From: David (Standards) Singer <singer@apple.com>
Date: Thu, 25 Sep 2014 09:44:09 -0700
To: Bill Kasdorf <bkasdorf@apexcovantage.com>
Cc: Laura Dawson <Laura.Dawson@bowker.com>, "Todd Carpenter (Gmail)" <tcarpenter@niso.org>, Koji Ishii <kojiishi@gluesoft.co.jp>, Ivan Herman <ivan@w3.org>, Laura Dawson <ljndawson@gmail.com>, Graham Bell <graham@editeur.org>, Phil Madans <Phil.Madans@hbgusa.com>, W3C Public Digital Publishing IG Mailing List <public-digipub-ig-comment@w3.org>
Message-id: <87289B33-8F73-4D59-B56A-2E879F826A75@apple.com>
I am wondering whether we have historically focused on the wrong question, notably “is the ID unique?”.  Of the projects I know about, I think too little time was spent on what the ‘promise’ was, and hence ‘unique in what sense?’.
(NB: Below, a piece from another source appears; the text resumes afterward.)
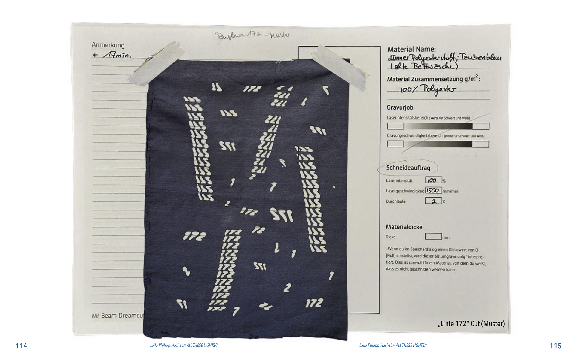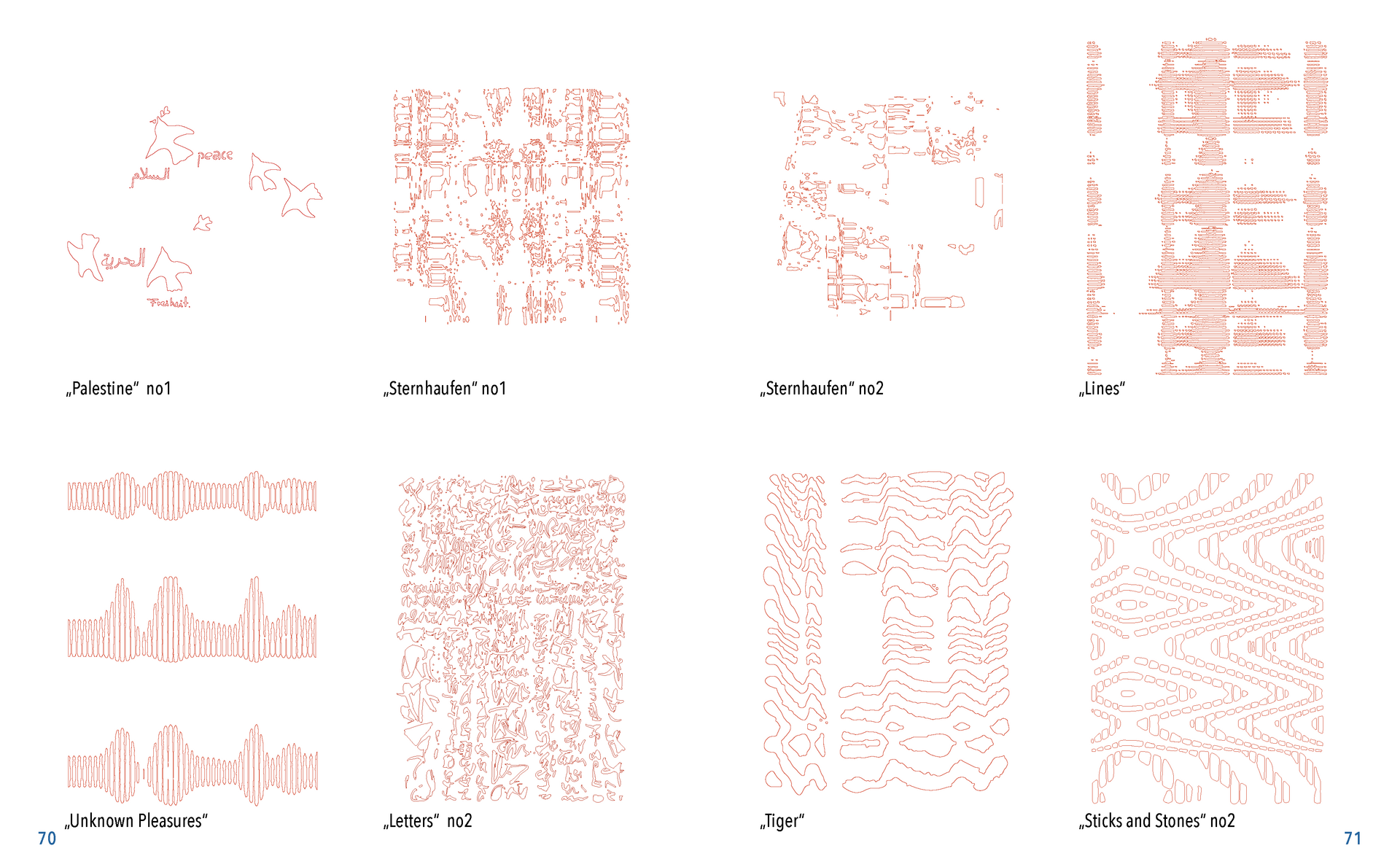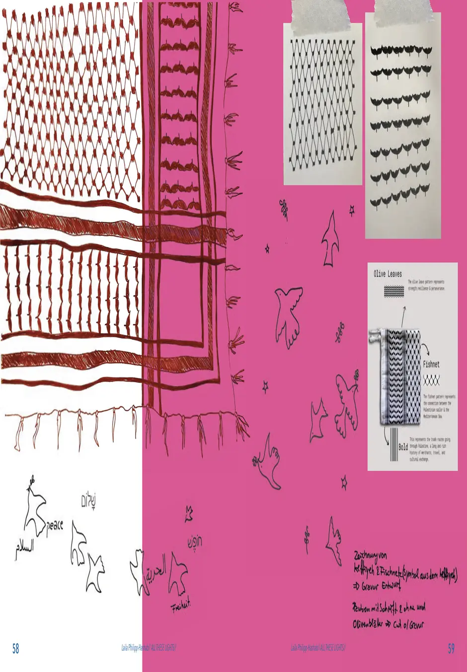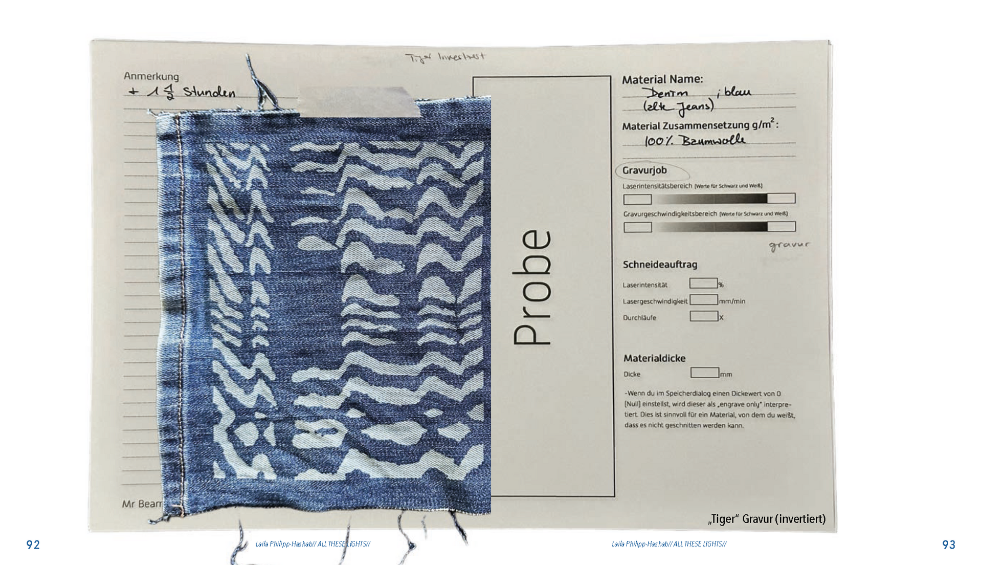 Gefunden habe ich dabei nichts Passendes aber ich habe mich von ein paar Worten inspirieren lassen, die durch das- Wort „Leaf“ ersetzt wurden. Das sind zum Beispiel Life, Live oder Love. Mir sind noch Laugh und Leave eingefallen. Aufder Grundlage dieser Worte sind mir ein paar witzige Sprüche eingefallen, manche auch angelehnt an bekannte Songtitel. Während der Arbeit an den Cut- und Gravur-Vorlagen ist mir bei den beiden Themen „All These Lights“ und „Loving Lea-ves“ die Idee gekommen, aus manchen der Vorlagen Printentwürfe zu erstellten. Dabei sind einige Entwürfe zusammengekommen (S.126-137).

Looking at a specific example, say I have a scheme to give IDs to physical books. If I re-publish the exact same text but with a different page or font size, so the pagination is different, does that get the same ID or a different one?  Well, it must be different if you expect to be able to refer to text by page and line number — did the promise include that that would be stable?

This failure mode — the assigner thought that the promise was X, the user Y — has been the death of labeling systems. If you cannot reliably use the label for a purpose, then it may be use-less.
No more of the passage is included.